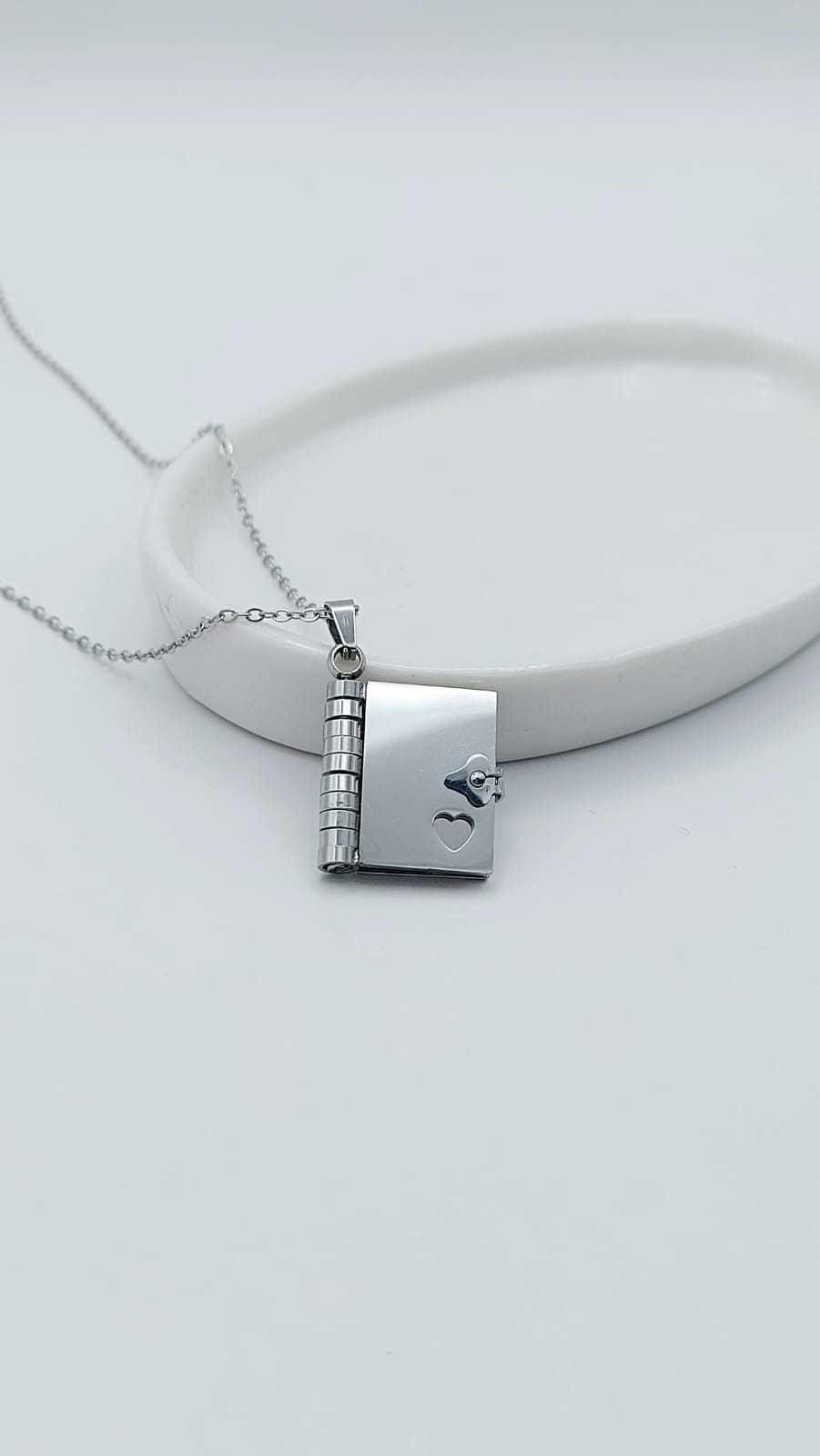 Este collar puede personalizarse con grabados de frases especiales, fechas, o un pequeño dibujo en 4 paginas, convirtiéndolo en un detalle único y totalmente personal.
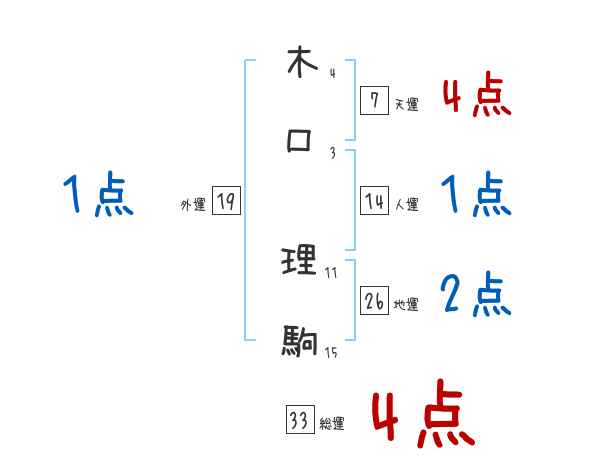 天運![]() | 木口理駒さんの天運は7画の4つ星!強い意志や信念を持ち独立心が強い。自立する。 家系が持つ宿命的な運勢を表します。祖先から受け継いだ苗字ですので自分の力が及びません。家柄を象徴します。 |
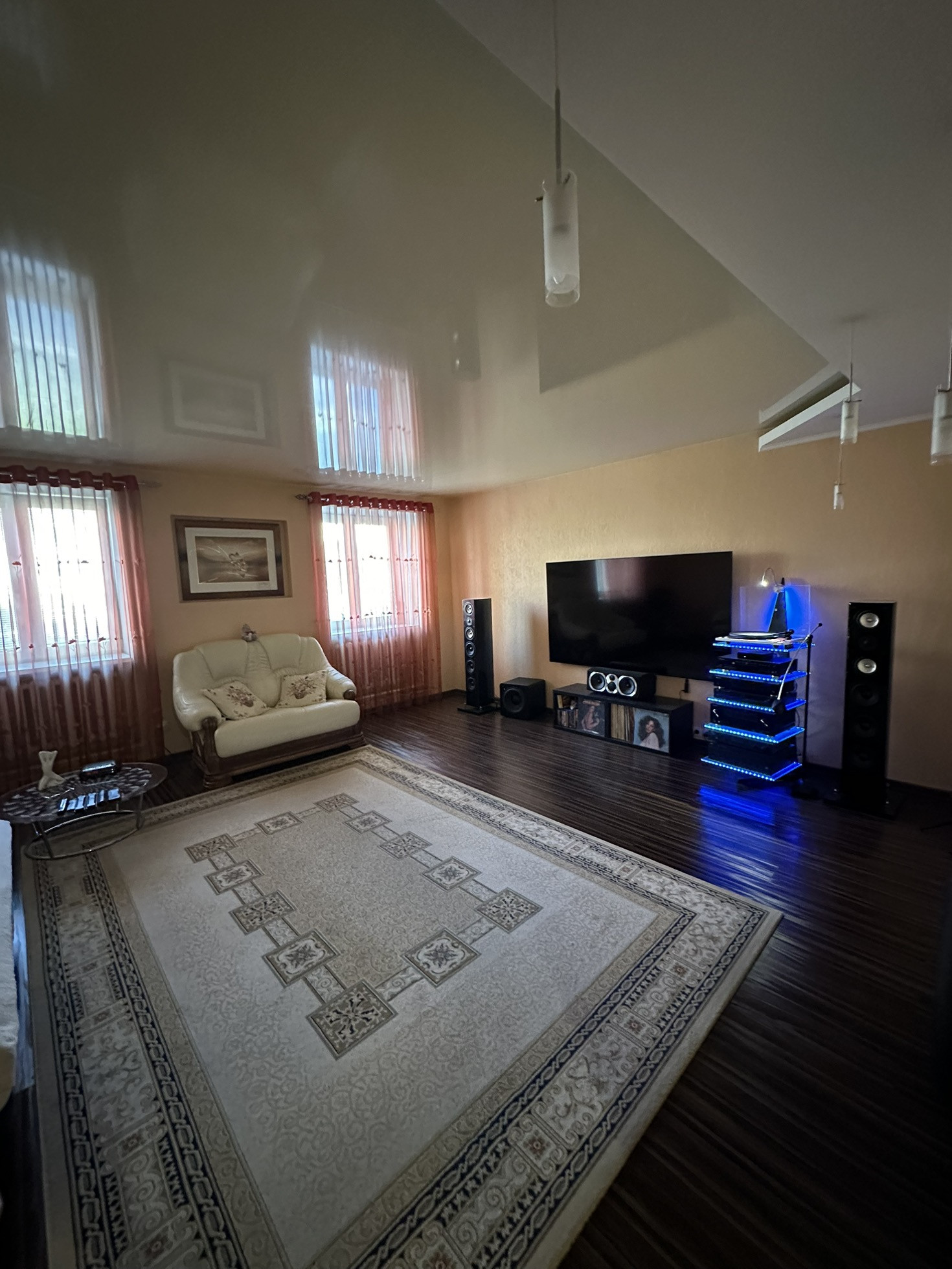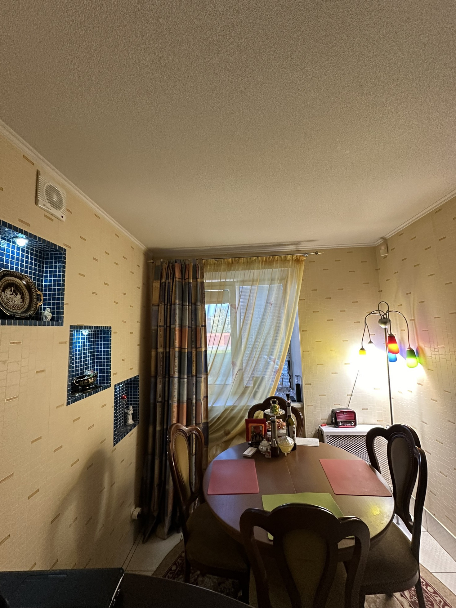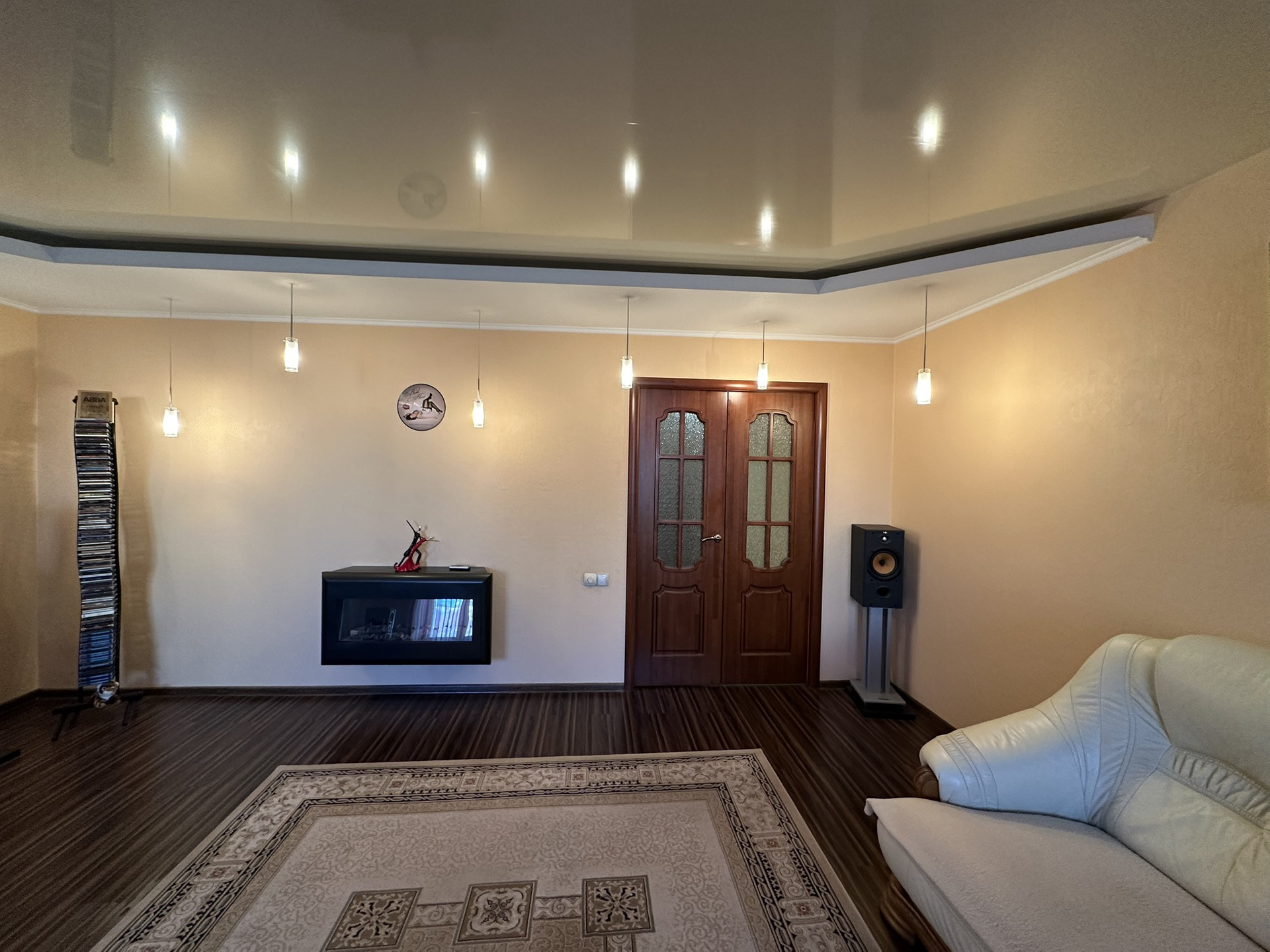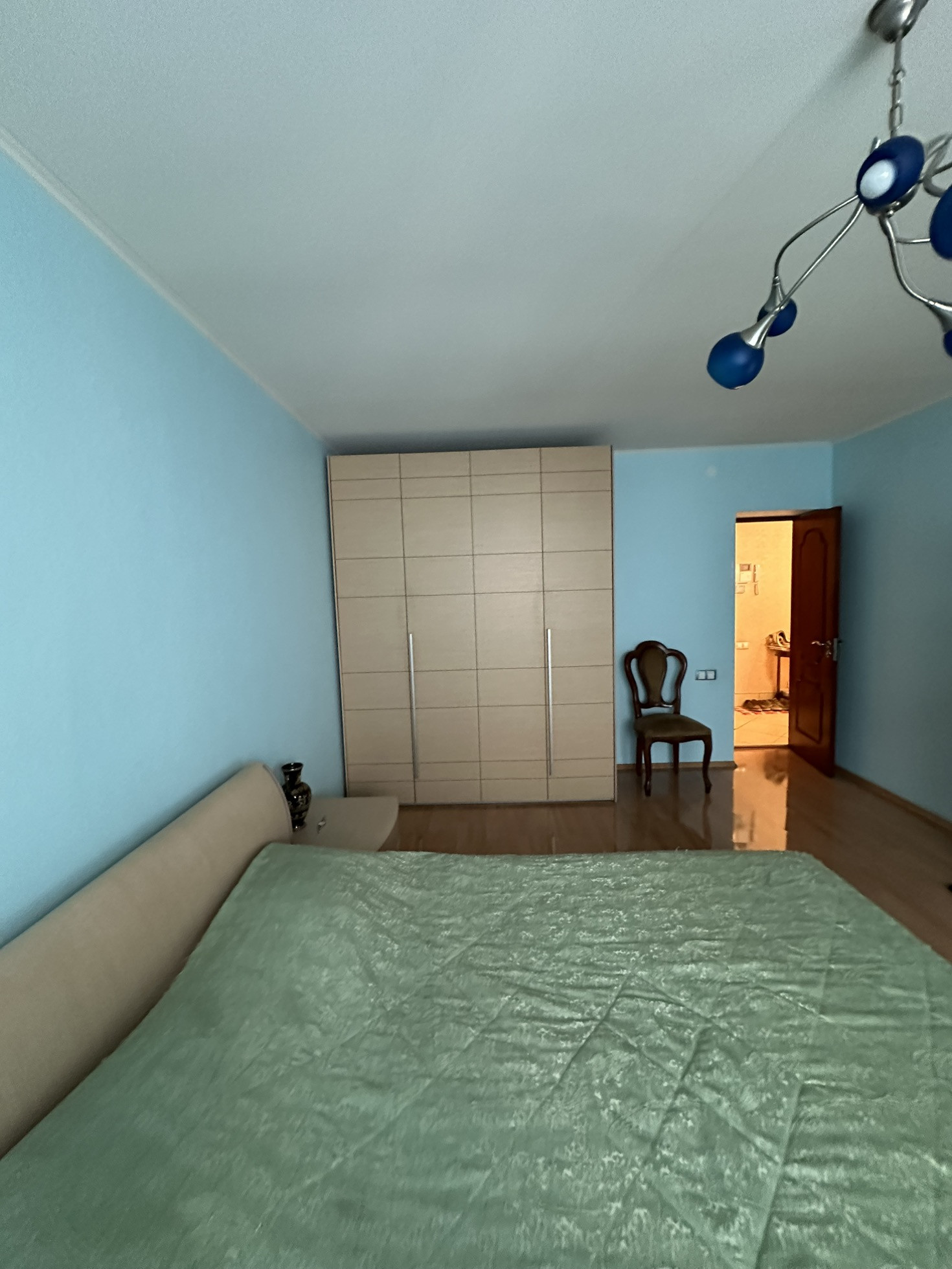 Ремонт сделан из дорогих и качественных итальянских и немецких  материалов . Межкомнатные двери с резиновыми уплотнителями из шпона махагона. Входная -бронированная сейф-дверь . В квартире много вариантов подсветки . В прихожей установлен вместительный шкаф-купе .

## [ASSIGNED TASK]
With the pictures left out, return the listing above exactly as it stands.

## [OUTPUT FOR THIS TASK]
 Este collar puede personalizarse con grabados de frases especiales, fechas, o un pequeño dibujo en 4 paginas, convirtiéndolo en un detalle único y totalmente personal.
 天運![]() | 木口理駒さんの天運は7画の4つ星!強い意志や信念を持ち独立心が強い。自立する。 家系が持つ宿命的な運勢を表します。祖先から受け継いだ苗字ですので自分の力が及びません。家柄を象徴します。 |
 Ремонт сделан из дорогих и качественных итальянских и немецких  материалов . Межкомнатные двери с резиновыми уплотнителями из шпона махагона. Входная -бронированная сейф-дверь . В квартире много вариантов подсветки . В прихожей установлен вместительный шкаф-купе .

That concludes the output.